Why visit India and not China? While I believe China will dominate the global economy after 2030 -- and China is maybe next year's trip -- it seems to me that India will be dominant until then.
India has several natural advantages that China lacks for now -- for starters, India is the largest English-speaking democracy in the world, with 1.1 billion people. Due to British rule they share the same legal underpinings as the US -- although they haven't discovered the "job creation" and "wealth transfer" possibilities of the US bar.
India's middle class -- which numbers about 200 million -- enjoys not only a national primary and secondary curriculum of very high standards (compared to the US), the parents are deeply involved in the child's education and there is a very strong culture of "to get ahead, get a college degree".

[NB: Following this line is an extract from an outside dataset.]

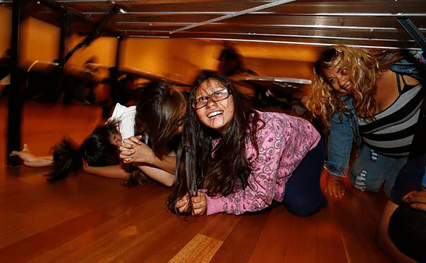 “It’s about making yourself a smaller target,” he said. “Get down on the ground before you are knocked down. Cover your head and neck. Most injuries come from falling and flying objects.”
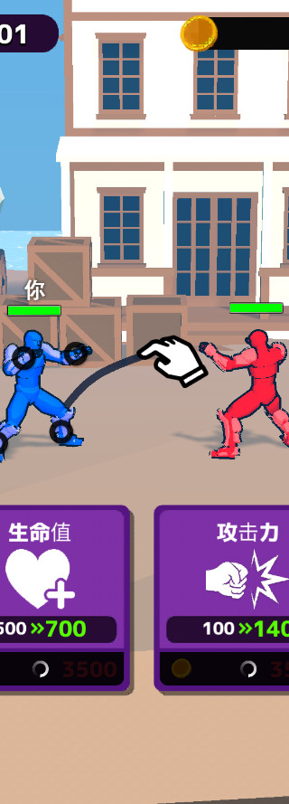 2、两人之间画线就可以控制你的角色对对手展开攻击。

Students (and parents) are held accountable for their child's academic performance and low achievement reflects negatively on the parents, not the teachers, or the government, or society. Low achievement also meaqns a child is not promnoted to the next grade. No Failing Child Gets Ahead is India's emphasis rather than No Child Left Behind.
On Friday nights when US high school students are at football games with friends, Indian students are at home studying -- because Saturday is a school day. When US students head home at 3pm, Indian students still have 2 more hours of school. When US students are in their first two months of summer break, Indian students are still at school.
When US students wonder where "American" jobs went, Indian students will be gainfully employed.
So, this is what I've read and heard about India. On Wednesday I start the journey to find out for myself -- what is going on in India?